*** Opening of INPUT FOR THIS TASK ***
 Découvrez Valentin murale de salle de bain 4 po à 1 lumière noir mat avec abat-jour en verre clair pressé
*** Close of INPUT FOR THIS TASK ***
*** Opening of INPUT FOR THIS TASK ***
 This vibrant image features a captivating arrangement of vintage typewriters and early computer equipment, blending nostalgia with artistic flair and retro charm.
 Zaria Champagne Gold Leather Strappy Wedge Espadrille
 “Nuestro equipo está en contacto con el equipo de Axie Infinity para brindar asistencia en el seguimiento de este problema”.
*** Close of INPUT FOR THIS TASK ***
*** Opening of INPUT FOR THIS TASK ***
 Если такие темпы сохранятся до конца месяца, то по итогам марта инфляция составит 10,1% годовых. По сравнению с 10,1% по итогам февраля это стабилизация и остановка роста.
*** Close of INPUT FOR THIS TASK ***
=== REQUIRED ACTION ===
Find "This vibrant image" in the entries above and copy that whole line exactly, then each line after it through the line that contains "equipo está en".

=== TASK RESULT ===
 This vibrant image features a captivating arrangement of vintage typewriters and early computer equipment, blending nostalgia with artistic flair and retro charm.
 Zaria Champagne Gold Leather Strappy Wedge Espadrille
 “Nuestro equipo está en contacto con el equipo de Axie Infinity para brindar asistencia en el seguimiento de este problema”.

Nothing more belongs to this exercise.